Harley D. Rutledge (January 10, 1926 – June 5, 2006) was a U.S. physics professor, and ufologist.

Early life and career 
In 1966, Rutledge completed his Ph.D. in solid state physics at the University of Missouri. He subsequently took the position of Professor and Chairman of the Physics Department at Southeast Missouri State University. He was Department Chairman from 1964 to 1982 and retired from teaching in 1992.

UFO Research 
Challenged to explain sightings of unidentified lights and luminous phenomena in the sky around Piedmont, Missouri, Rutledge decided to subject these reports to scientific analysis. He put together a team of observers with college training in the physical sciences, including a large array of equipment: RF spectrum analyzers, Questar telescopes, low-high frequency audio detectors, electromagnetic frequency analyzer, cameras, and a galvanometer to measure variations in the Earth's gravitational field.

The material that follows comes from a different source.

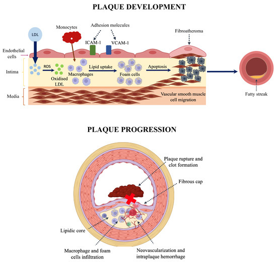 (Upper panel): Pathophysiology of atheroma plaque formation: 1. Endothelial dysfunction leads to increased LDL permeability and reduced nitric oxide production. 2. LDL molecules are oxidised in the subendothelial space (ROS: reactive oxygen species), and they promote the upregulation of adhesion molecules ICAM1 (intercellular adhesion molecule 1) and VCAM1 (vascular cell adhesion molecule 1). 3. Monocytes bind to these molecules and migrate into the vessel wall, where they convert into foam cells. 4. Excessive cholesterol uptake can disrupt autophagy regulation, induce cytotoxic effects, and ultimately lead to cell death. Additionally, inflammatory pathways—mediated by pro-inflammatory cytokines such as IL-18 and IL-6, as well as microRNAs—further drive the onset and progression of atherosclerosis. 5. Fatty streak is developed as an early stage of atherosclerosis, with no significant luminal narrowing. (Lower panel): Pathophysiology of vulnerable plaque development and progression: 1. Formation of necrotic core due to foam cell apoptosis and necrosis. 2. Thinning of fibrous cap: activated macrophages release matrix metalloproteinases and other enzymes that degrade extracellular matrix. 3. Neovascularization and intraplaque hemorrhage: immature microvessels rupture. 4. Plaque rupture and thrombosis: core exposure triggers thrombus formation.

The resulting Project Identification commenced in April 1973, logging several hundred hours of observation time. This was the first UFO scientific field study, able to monitor the phenomena in real-time, enabling Rutledge to calculate the objects' actual speed, course, position, distance, and size.

Observation of the unclouded night sky often revealed "pseudostars" - stationary lights camouflaged by familiar constellations. Some objects appeared to mimic the appearance of known aircraft; others violated the laws of physics. The most startling discovery was that on at least 32 recorded occasions, the movement of the lights synchronized with actions of the observers. They appeared to respond to a light being switched on and off, and to verbal or radio messages. The final results of this project were documented in the 1981 book, Project Identification: The first Scientific Study of UFO Phenomena.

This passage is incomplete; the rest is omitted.